Complexity of finding a Eulerian path such that the image under a bijection is also a Eulerian path

Problem input: undirected graphs $ G$ , $ H$ and a bijection $ f: E(G) \to E(H)$
Question: Is there a Eulerian path $ p: \{1,\dots,|E(G)|\} \to E(G)$ in $ G$ such that $ f \circ p$ is a Eulerian path in $ H$ ?

Is this problem in $ P$ , $ NP$ -complete or maybe equivalent to some other well-known problem that isn’t known to be either yet?

The problem turned up as a special case of a more general problem first in the Bachelors thesis of another student last year and now in mine as well (I was improving some of the results of the other thesis). All other cases of the problem are now known to be either NP-hard or solvable in polynomial time, but neither one of us managed to make any progress on that case. On the other hand it feels like a much more "natural" problem than the other cases, so I think we may have missed a simple proof.
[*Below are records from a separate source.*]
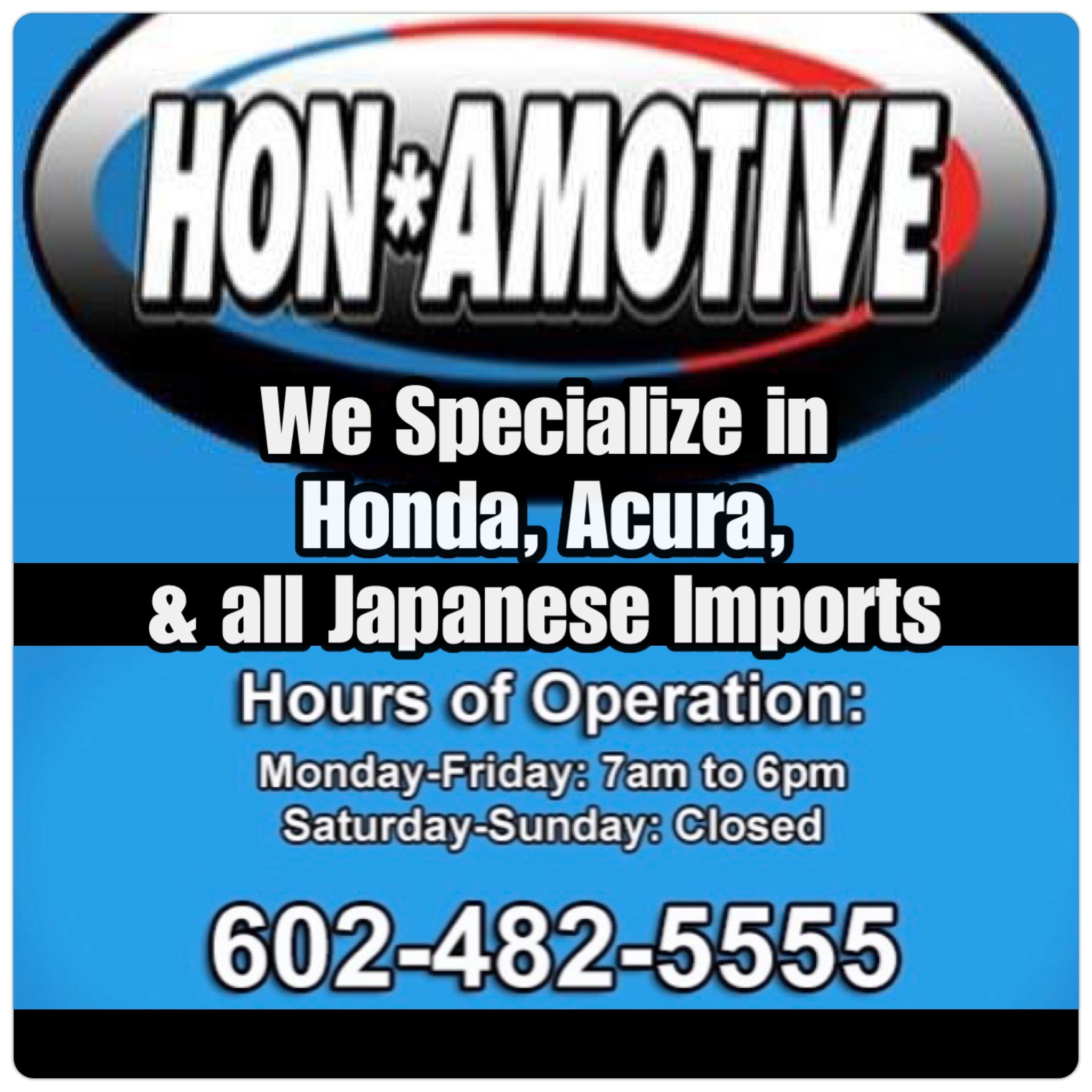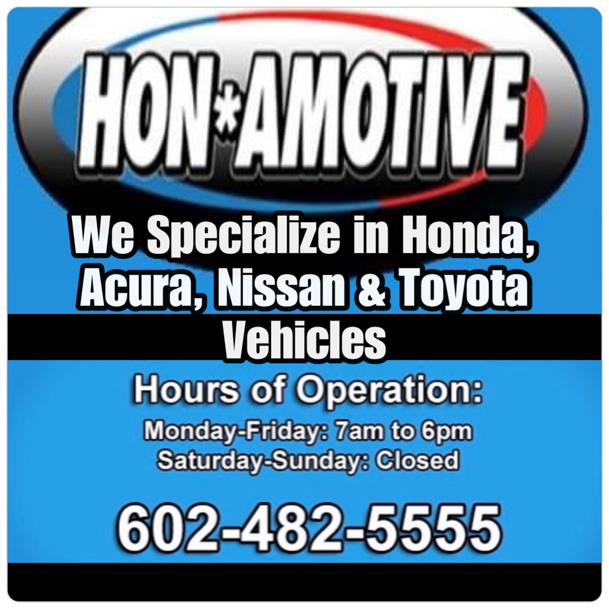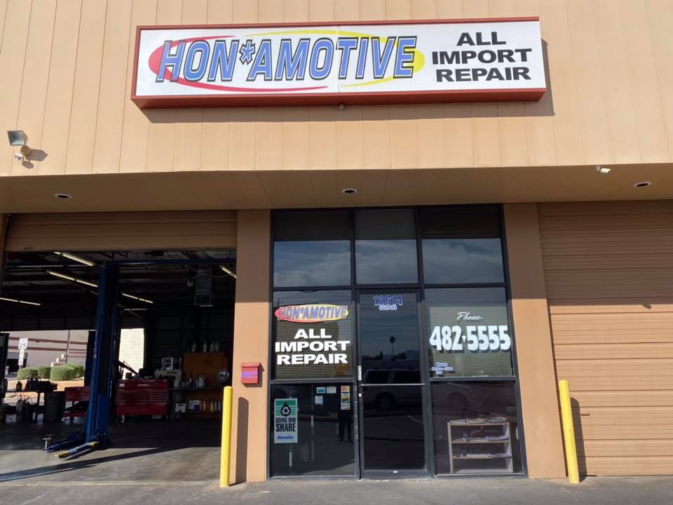 Hon Amotive is a certified auto mechanic shop specializing in imports like Honda, Acura, Toyota, and Nissan. The shop is known for being fast, friendly, honest, and knowledgeable. They perform dealer-quality work but only fix what needs to be done, providing reasonable and fair pricing that is less expensive than dealerships. Customers report being consistently satisfied with the level of service, describing the team as great and the people as nice. Many have been coming for years and wouldn't go anywhere else, often recommending the shop to friends and family. Services range from simple oil changes to more complex repairs. The business is located just north of Cactus on Cave Creek Road, behind the Home Depot.
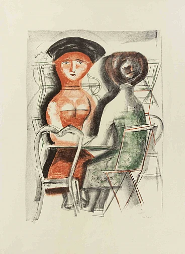 Massimo Campigli, Female Conversations, Lithograph 1940s-1950s
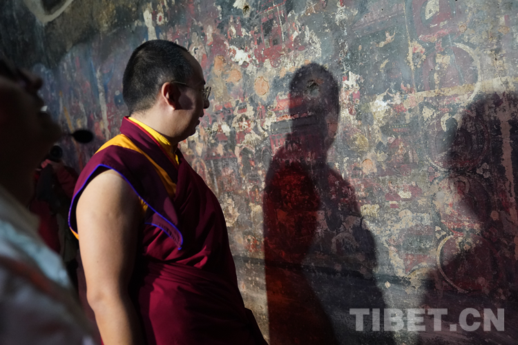 圖為班禪在法王殿內(nèi)觀摩古老壁畫 攝影:王淑
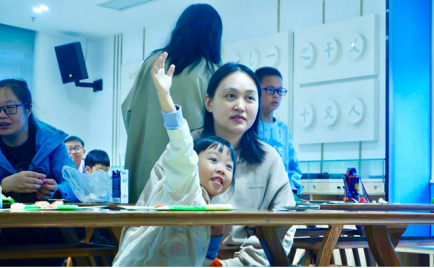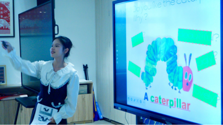 活动在志愿者生动的中英文讲述中开始。孩子们跟随毛毛虫从破壳而出到饱食食物,最终破茧成蝶的成长历程,体会生命蜕变的奇妙过程。讲述过程中,志愿者配合图画提问,引导儿童观察与表达,现场气氛活跃。
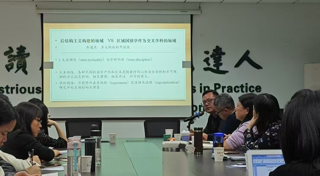 陈靓教授开宗明义,首先介绍了区域国别学的定义、重要性以及当前所面临的挑战。讨论了国别和区域研究如何借助历史学、哲学等学科理论和方法,探讨对象国家和区域的历史文化、政治经济社会制度及中外关系;并指出跨学科意识不强、视野不开阔以及涉区域国别的问题意识不够等是当前区域国别研究面临的主要挑战。针对这些问题与挑战,陈靓教授又分别分析了不同学科,如经济学、法学、历史学和文学在区域国别研究中的作用和贡献;并勉励外语学科学者,强调了外语学科在提供基础人才、增强语言和文化素养、提升跨文化实践能力以及构建学科自主知识方面的五大作用,勉励外语学科学者要走出舒适区,转换学术思维。陈靓教授特别强调了后结构主义视域下外语学科的交叉性建设,探讨了后结构主义理论源起及其对区域国别学的影响,包括文本间性与学科间性的概念,以及后结构主义的视角说与交叉学科的视域说;讨论了后结构主义如何将阅读转变为一种社会实践,以及区域国别学如何促进相关学科的应用性研究领域开拓。陈靓教授还指出了外语学科向区域国别方向可拓展的研究方向,包括人文知识体系建设、文化特质研究等;并介绍了新文科的研究理念,强调实践性和应用性价值导向。陈靓教授从宏观角度探讨了语言政策规划与区域国别学的关系,如话语政策、话语治理等方面,再次强调了区域国别研究对国家的重要意义;又从语言学、翻译学等具体学科领域出发,勉励外语学科学者在研究时一定要坚定中国意识、中国立场,并注重与外国文化的互动性,如中外文学中的民族性比较,以提升宣传效果。
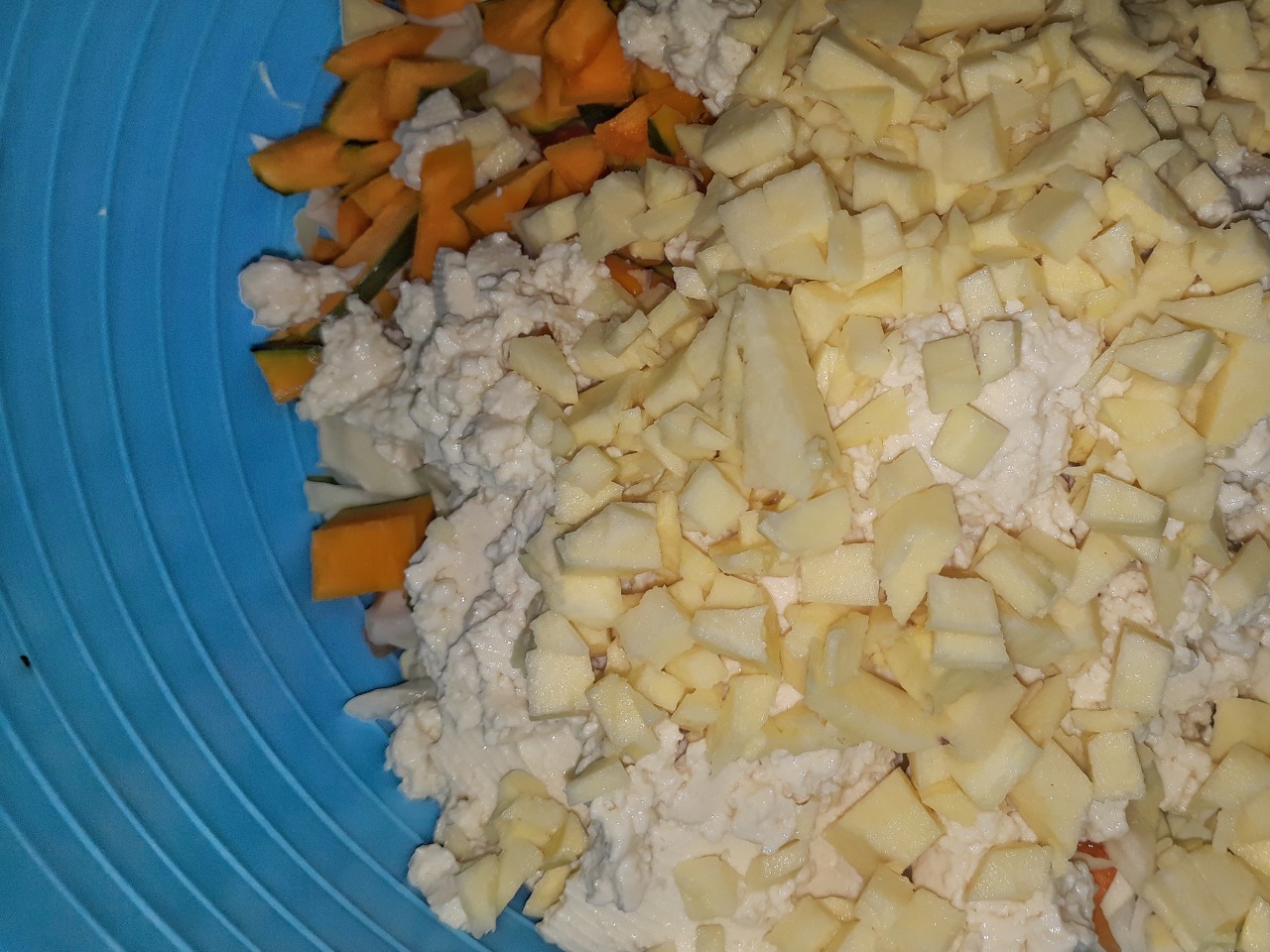 고구마, 당근, 양배추는 적당량 준비한다. 너무 많이 준비하면 모둔 재료가 단호박 내부에 들어갈 수 없다. 남은 음식을 인간 동물이 모두 섞어서 먹을 것이 아니면 알아서 잘 계량하기를 바란다. 양배추, 당근, 고구마는 잘게 썰어준다.

If undirected graphs are replaced by directed graphs in the problem statement there is a simple polynomial time algorithm (find a Eulerian path in the graph with vertex set $ V(G)\times V(H)$ and edge set $ $ \{((v_1, w_1), (v_2, w_2)) | (v_1, v_2)=e \in E(G), f(e) = (w_1, w_2)\}$ $ ignoring isolated vertices). The analogous graph for the undirected case contains 2 edges for each edge in $ G$ , so just finding a Eulerian path is no longer enough.